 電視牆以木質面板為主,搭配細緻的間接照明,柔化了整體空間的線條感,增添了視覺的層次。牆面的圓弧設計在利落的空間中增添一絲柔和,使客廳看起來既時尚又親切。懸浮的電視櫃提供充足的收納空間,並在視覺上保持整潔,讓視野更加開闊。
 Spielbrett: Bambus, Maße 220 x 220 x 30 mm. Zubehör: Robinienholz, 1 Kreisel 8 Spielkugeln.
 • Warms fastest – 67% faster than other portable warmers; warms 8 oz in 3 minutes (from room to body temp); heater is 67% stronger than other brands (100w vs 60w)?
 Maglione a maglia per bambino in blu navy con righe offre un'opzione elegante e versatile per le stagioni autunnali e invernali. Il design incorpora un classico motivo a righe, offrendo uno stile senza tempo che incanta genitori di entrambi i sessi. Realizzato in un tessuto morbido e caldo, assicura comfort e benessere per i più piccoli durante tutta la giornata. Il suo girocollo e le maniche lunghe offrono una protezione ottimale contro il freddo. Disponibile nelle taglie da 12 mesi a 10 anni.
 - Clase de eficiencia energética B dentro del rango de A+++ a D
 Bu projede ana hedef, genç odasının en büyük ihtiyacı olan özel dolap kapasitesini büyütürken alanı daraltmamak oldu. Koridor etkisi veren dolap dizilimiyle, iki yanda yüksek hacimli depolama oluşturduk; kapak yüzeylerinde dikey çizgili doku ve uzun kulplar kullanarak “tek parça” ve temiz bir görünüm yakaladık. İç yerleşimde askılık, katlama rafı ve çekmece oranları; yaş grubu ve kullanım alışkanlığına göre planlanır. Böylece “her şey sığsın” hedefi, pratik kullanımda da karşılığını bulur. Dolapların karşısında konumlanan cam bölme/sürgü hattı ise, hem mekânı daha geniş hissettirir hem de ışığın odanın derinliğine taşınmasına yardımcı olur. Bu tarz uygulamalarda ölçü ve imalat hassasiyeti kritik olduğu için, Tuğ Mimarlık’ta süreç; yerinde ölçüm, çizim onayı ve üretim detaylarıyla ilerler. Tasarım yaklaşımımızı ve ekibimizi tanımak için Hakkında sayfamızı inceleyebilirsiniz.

Required work » Reprint every entry exactly.

Answer section »
 電視牆以木質面板為主,搭配細緻的間接照明,柔化了整體空間的線條感,增添了視覺的層次。牆面的圓弧設計在利落的空間中增添一絲柔和,使客廳看起來既時尚又親切。懸浮的電視櫃提供充足的收納空間,並在視覺上保持整潔,讓視野更加開闊。
 Spielbrett: Bambus, Maße 220 x 220 x 30 mm. Zubehör: Robinienholz, 1 Kreisel 8 Spielkugeln.
 • Warms fastest – 67% faster than other portable warmers; warms 8 oz in 3 minutes (from room to body temp); heater is 67% stronger than other brands (100w vs 60w)?
 Maglione a maglia per bambino in blu navy con righe offre un'opzione elegante e versatile per le stagioni autunnali e invernali. Il design incorpora un classico motivo a righe, offrendo uno stile senza tempo che incanta genitori di entrambi i sessi. Realizzato in un tessuto morbido e caldo, assicura comfort e benessere per i più piccoli durante tutta la giornata. Il suo girocollo e le maniche lunghe offrono una protezione ottimale contro il freddo. Disponibile nelle taglie da 12 mesi a 10 anni.
 - Clase de eficiencia energética B dentro del rango de A+++ a D
 Bu projede ana hedef, genç odasının en büyük ihtiyacı olan özel dolap kapasitesini büyütürken alanı daraltmamak oldu. Koridor etkisi veren dolap dizilimiyle, iki yanda yüksek hacimli depolama oluşturduk; kapak yüzeylerinde dikey çizgili doku ve uzun kulplar kullanarak “tek parça” ve temiz bir görünüm yakaladık. İç yerleşimde askılık, katlama rafı ve çekmece oranları; yaş grubu ve kullanım alışkanlığına göre planlanır. Böylece “her şey sığsın” hedefi, pratik kullanımda da karşılığını bulur. Dolapların karşısında konumlanan cam bölme/sürgü hattı ise, hem mekânı daha geniş hissettirir hem de ışığın odanın derinliğine taşınmasına yardımcı olur. Bu tarz uygulamalarda ölçü ve imalat hassasiyeti kritik olduğu için, Tuğ Mimarlık’ta süreç; yerinde ölçüm, çizim onayı ve üretim detaylarıyla ilerler. Tasarım yaklaşımımızı ve ekibimizi tanımak için Hakkında sayfamızı inceleyebilirsiniz.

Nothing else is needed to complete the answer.